Un ultimo mezzo, abbastanza originale, di superare le difficoltà dovute alla distanza è la
autorizzazione ad accettare la legge ma a disapplicarla! Il governante indiano che riceve
una disposizione che ritiene inapplicabile compie questo rito: la bacia, la pone sopra la sua
testa in segno di rispetto e pronuncia la formula rituale “la accetto ma non la compio”,
come dire: obbedisco alla autorità che ha emanato la legge, ma non la applicherò perché
non adatta alle circostanze presenti. Ovviamente in questo caso il funzionario dovrà
giustificare e spiegare dettagliatamente i motivi che lo hanno indotto al rifiuto, ed in caso di
reiterazione dell'ordine da parte della Corona non potrà ulteriormente rifiutarsi di obbedire.

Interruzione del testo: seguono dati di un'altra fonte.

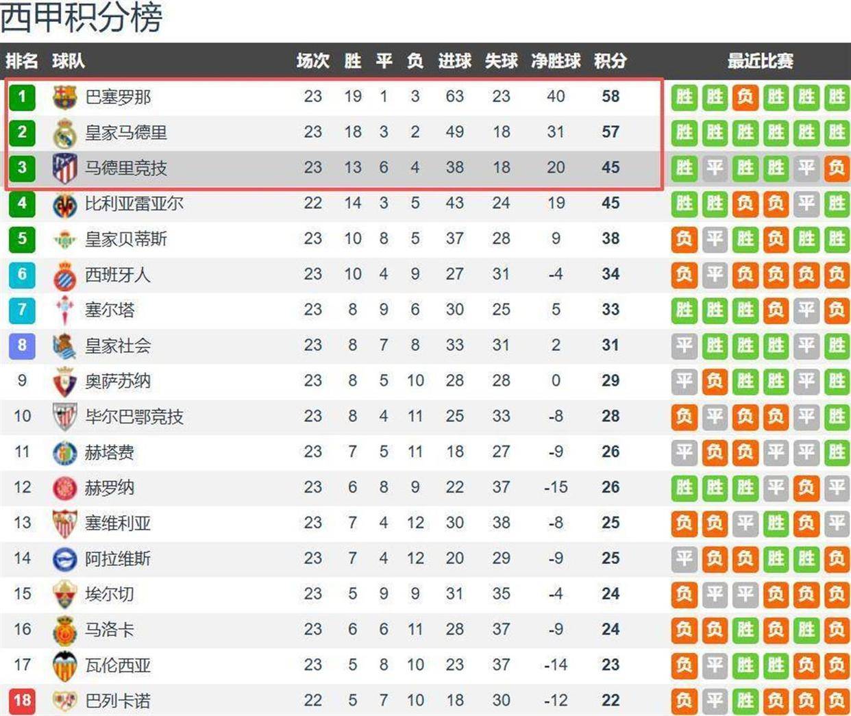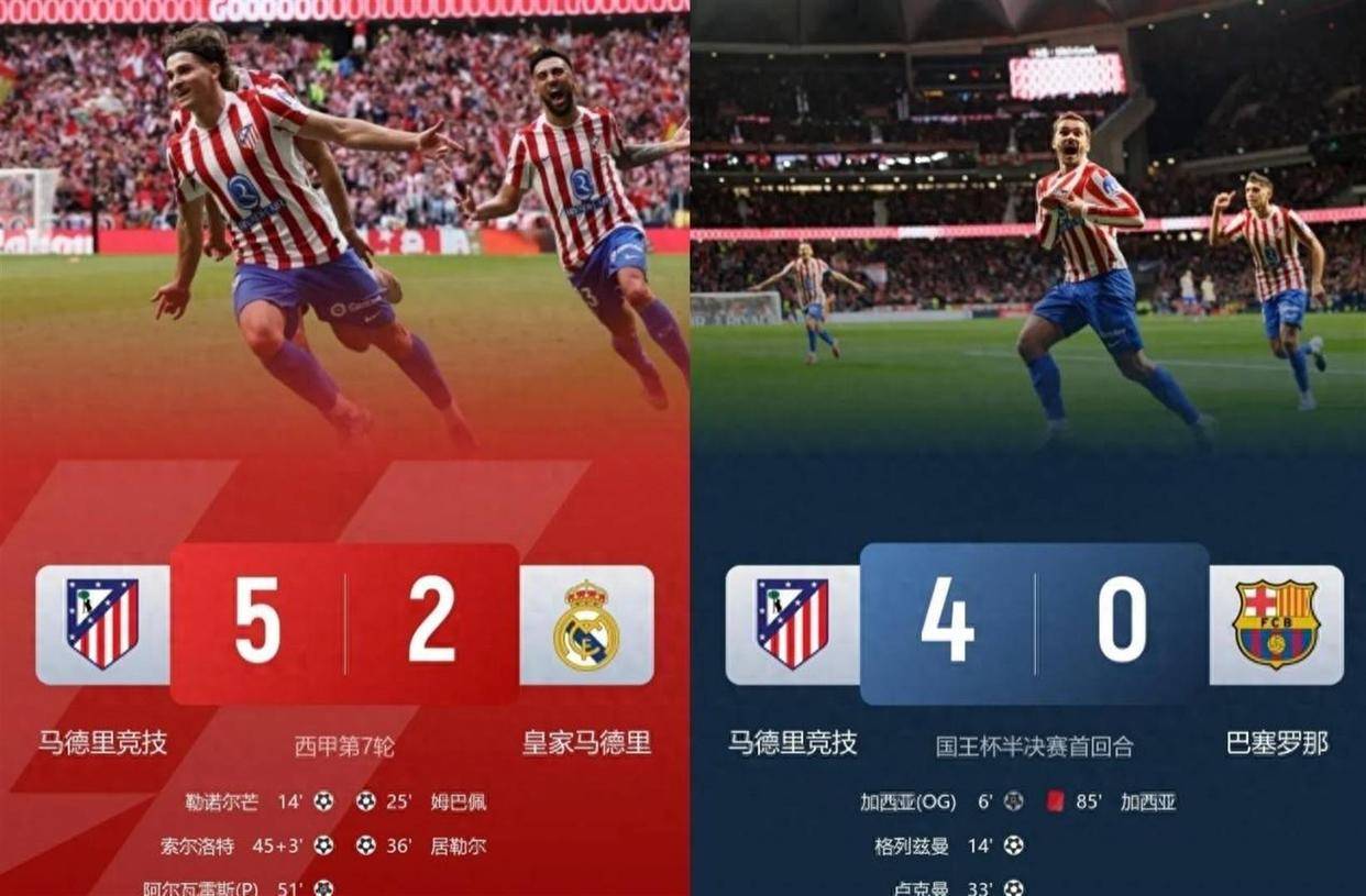 但令人费解的是,这支能够以5-2横扫皇马、4-0击溃巴萨的球队,在西甲联赛中的表现却完全是另一番景象。 西甲23轮战罢,巴萨以58分领跑积分榜,皇马57分紧随其后,而马竞仅积45分排名第三。 马竞落后榜首巴萨13分,落后皇马12分,争冠希望基本破灭。 更讽刺的是,就在国王杯4-0大胜巴萨的前一个周末,马竞在联赛中主场0-1爆冷输给了皇家贝蒂斯。
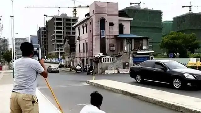 照片里这户横在马路中间的房子,就是钉子户张新国的家。这所房子的存在,愣是把原本宽阔的四车道,挤得只剩下两条车道。
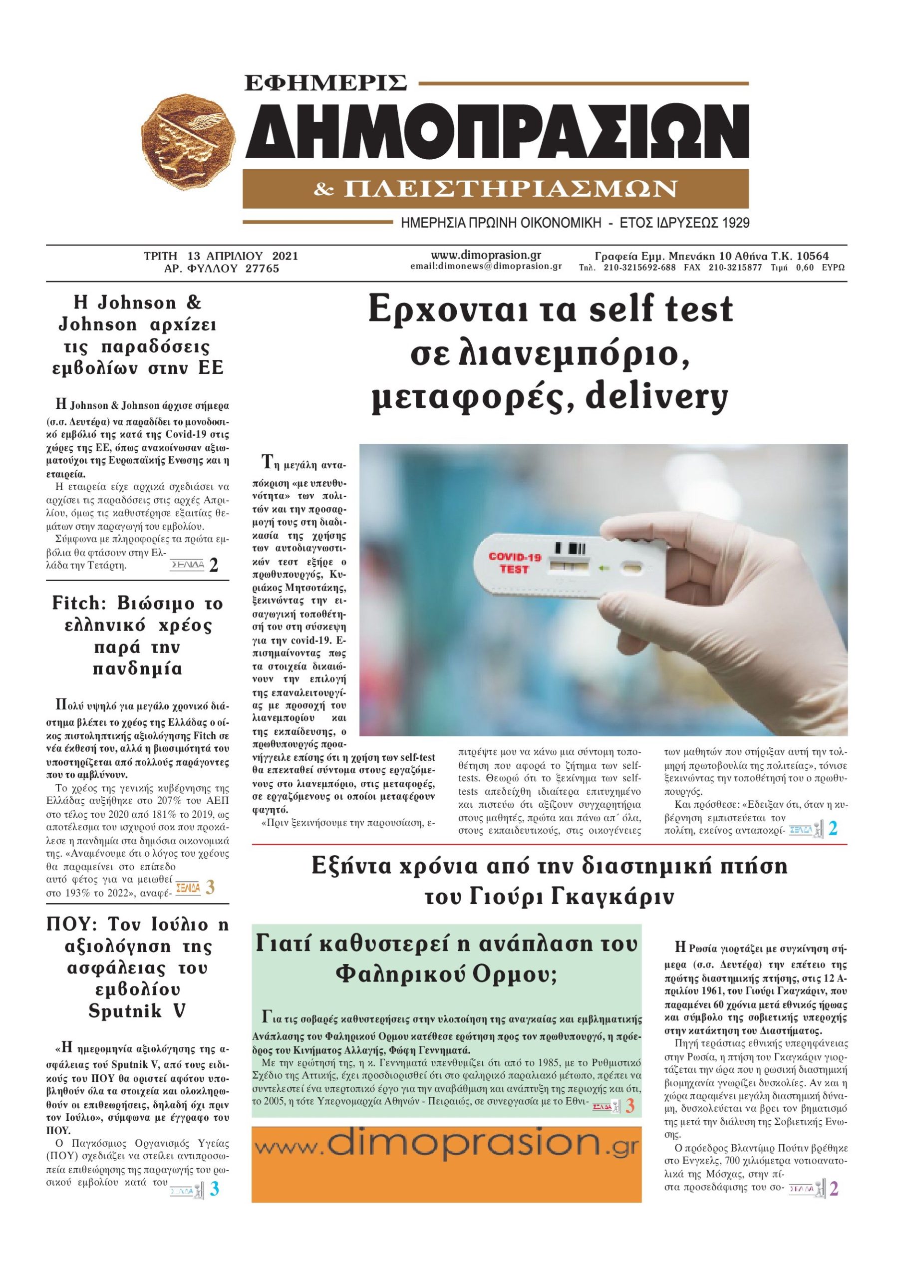 Οι οικονομικές εφημερίδες 13/4/2021 Διονύσης Νίκκας 06:34, Τρίτη 13 Απριλίου 2021 Media Διαβάστε τα πρωτοσέλιδα των οικονομικών εφημερίδων… ΟΙΚΟΝΟΜΙΚΕΣ ΕΦΗΜΕΡΙΔΕΣ Μοιράσου το: σχολίασε κι εσύ (0 σχόλια) Ακολουθήστε το enikos.gr στο Google News και μάθετε πρώτοι όλες τις ειδήσεις Δείτε όλες τις τελευταίες ειδήσεις από την Ελλάδα και τον Κόσμο στο enikos.gr Ειδήσεις Ροή Ειδήσεων 1 ώρα πριν Δημοσκόπηση Metron Analysis: Στις 10 μονάδες η διαφορά ΝΔ-ΠΑΣΟΚ, στην 3η θέση η Πλεύση Ελευθερίας – 8 στους 10 στηρίζουν τον αγώνα των αγροτών 6 ώρες πριν Αγρότες: «Όχι στον διάλογο, μας εμπαίζει η κυβέρνηση» – Αποφάσισαν κλιμάκωση των κινητοποιήσεων, τι θα γίνει τα Χριστούγεννα 1 ώρα πριν Νίκος Παππάς στον ΑΝΤ1: «Δεν κρύβομαι – Μετά το συμβάν ακολούθησα κανονικά το πρόγραμμά μου» – ΒΙΝΤΕΟ 3 ώρες πριν Αθήνα: Εξαρθρώθηκε εγκληματική οργάνωση που διακινούσε ναρκωτικά σε μορφή σοκολάτας – Δύο τράπερ ανάμεσα στους 4 συλληφθέντες – ΒΙΝΤΕΟ 1 ώρα πριν Διαμαντής Καραναστάσης: Οδηγούσε υπό την επήρεια αλκοόλ – Του αφαιρέθηκε το δίπλωμα και του επιβλήθηκε πρόστιμο 350 ευρώ 2 ώρες πριν Manifesting: Πώς να συναντήσετε τον σύντροφο της ζωής σας, ανάλογα με τον μήνα γέννησής σας 4 ώρες πριν Γάμος: 11 ψυχρές αλλά ευγενικές φράσεις, που λέει ένας άνδρας όταν σκέφτεται τον χωρισμό 3 ώρες πριν Σφουγγάρισμα: Η συνήθεια που θα σας βοηθήσει να διατηρήσετε το σπίτι σας καθαρό και τακτοποιημένο 2 ημέρες πριν 20 χρόνια τα Χριστούγεννα ξεκινούν στα Public με μεγάλη ποικιλία σε δώρα! 4 λεπτά πριν Ελισάβετ Κωνσταντινίδου για τον Γεράσιμο Μιχελή και την Πόπη Χριστοδούλου: «Ξέρω ότι έχουν πάει απλώς κάπου αλλού, ότι δεν είναι ο θάνατος έτσι όπως τον έχουμε στο μυαλό μας» 8 λεπτά πριν Κρήτη: Νέες αποκαλύψεις για τον 54χρονο που κατηγορείται ότι εξαπάτησε τους γονείς του 33χρονου – Ζητούσε τρίχες αγνοουμένων 15 λεπτά πριν Τσιάρας: Δεν θα κινδυνέψουν οι πληρωμές των αγροτών – Χρειαζόμαστε μια νέα πολιτική, ένα restart 22 λεπτά πριν Δέσποινα Βανδή: Το βίντεο που δημοσίευσε με τον Γιώργο Νικολαΐδη – «Έχουμε καταστραφεί από τα μελομακάρονά σου» 27 λεπτά πριν Κλήρωση ΤΖΟΚΕΡ 18/12/2025: Αυτοί είναι οι τυχεροί αριθμοί ENIKOS NETWORK Σε περίοδο αυξημένης δραστηριότητας η γρίπη στην Ελλάδα-Μέτρα προστασίας από τον ΕΟΔΥ Σκέφτεστε συνέχεια συζητήσεις που έχετε κάνει; Τι σημαίνει αυτό, σύμφωνα με ειδικό ΑΣΕΠ 2ΓΒ/2025: Σήμερα αρχίζει η υποβολή ενστάσεων – Πότε θα βγουν τα οριστικά αποτελέσματα ΕΛΤΑ: Αυτό είναι το νέο σχέδιο μετασχηματισμού του Οργανισμού- Τι δήλωσαν Πιερρακάκης και Παπαστεργίου Χαρτογραφώντας το «σημείο χωρίς επιστροφή»: Για πρώτη φορά αποκαλύπτεται με λεπτομέρεια το ακανθώδες όριο της ατμόσφαιρας τ... Η Google καταργεί τη λειτουργία «dark web report» – Πώς θα μπορούν οι χρήστες να διαγράφουν τα δεδομένα τους περισσότερα 17:45 , Πέμπτη 18 Δεκεμβρίου 2025 ROUK ZOUK: Εορταστικό επεισόδιο με καλεσμένους τους πρωταγωνιστές του «Γιατί ρε πατέρα» Το Σάββατο 20 Δεκεμβρίου στις 21:00, η Ζέτα Μακρυπούλια υποδέχεται εκλεκτούς ηθοποιούς που όλο... 17:20 , Πέμπτη 18 Δεκεμβρίου 2025 Άγιος έρωτας: Η Χριστίνα εξομολογείται στον πατέρα Νικόλαο, απόψε στις 21:00 στον Alpha Η Νότα αποφασίζει να εκδικηθεί τον Πέτρο και τον Στέφανο, για χάρη του Λούη, όμως τα πράγματα ... 16:50 , Πέμπτη 18 Δεκεμβρίου 2025 Να μ’ αγαπάς: Ζωή και Φωτεινή συμφιλιώνονται ως μάνα με κόρη, απόψε στις 20:00 Η ταυτότητα του Άγγελου αποκαλύπτεται στο νέο επεισόδιο της σειράς “Να μ’ αγαπάς... 15:52 , Πέμπτη 18 Δεκεμβρίου 2025 Το Σπίτι Δίπλα Σ
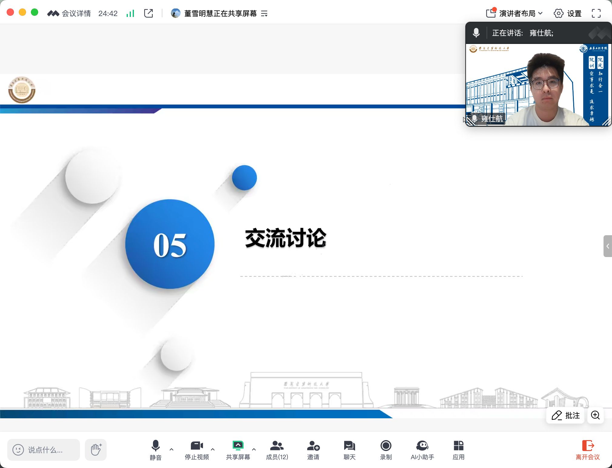 雍仕航就迎新工作具体安排进行了补充说明,并结合自身经历,就思路方法、工作模式等方面向新任朋辈导师传授经验、提出建议。
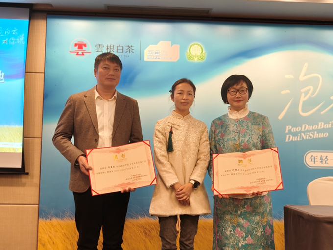 许益灿介绍,福建省政和云根茶业有限公司是一家涵盖种植、研发、生产、营销、品牌建设与茶文化旅游的全产业链企业,曾获“福建省省级重点龙头企业”“中国白茶十强企业”“中国白茶产业创新十强企业”“白茶行业领军品牌”等多项荣誉。面对行业新挑战,云根将进一步深化产学研合作,以“工艺保障+品牌创新”双轮驱动发展,支持高校学生茶文化双创项目,欢迎师生赴企业基地开展研学活动。企业愿以开放态度与青年学子展开对话,借助青年视角与智慧推动产品创新,推广“轻量化茶生活”方式,为茶行业持续发展注入新动力。
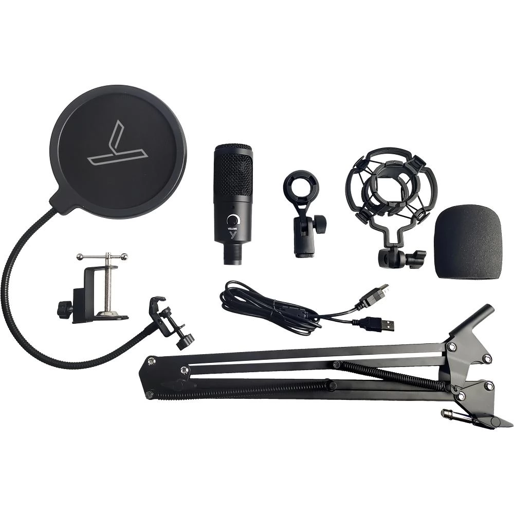 STREAMER 2.0 studio kit savršen je početni paket za streaming, pripremu podcasta, online igranje, snimanje ili komunikaciju s prijateljima. STREAMER 2.0 je kondenzatorski mikrofon, višesmjeran, povezan putem USB-a, tako da nema potrebe za kompliciranim ožičenjem ili dodatnim napajanjem mikrofona - samo ga priključite i spremni ste za korištenje mikrofona. Set uključuje pop filter, antivibracijski nosač, vjetrobran, podesivo studijsko postolje i USB-B na USB-A kabel. Stalak uključen u set može se rotirati i naginjati u dvije osi, maksimalno se prilagođavajući individualnim potrebama postavljanja. Vertikalni doseg stalka može biti do 750 mm.

Lo storico Vicens Vives segnalò la contraddizione esistente tra l'enorme potere che la
teoria politica dell'epoca attribuiva al Re e la scarsità di mezzi che questi aveva a sua
disposizione perché di desse esecuzione a quello che comandava. Teoricamente il Re era
onnipotente e godeva di un potere assoluto, ma in pratica l'organizzazione burocratica era
inefficiente ed insufficiente ad assicurare la effettiva attuazione di quanto dettato.
Sebbene non si possa dire che il diritto indiano raggiunse tutti i suoi obiettivi, fu comunque
elaborato dagli spiriti più lucidi dell'epoca e rappresentò uno sforzo notevole per
incanalare l'azione colonizzatrice secondo principi ispirati ad un'etica cristiana.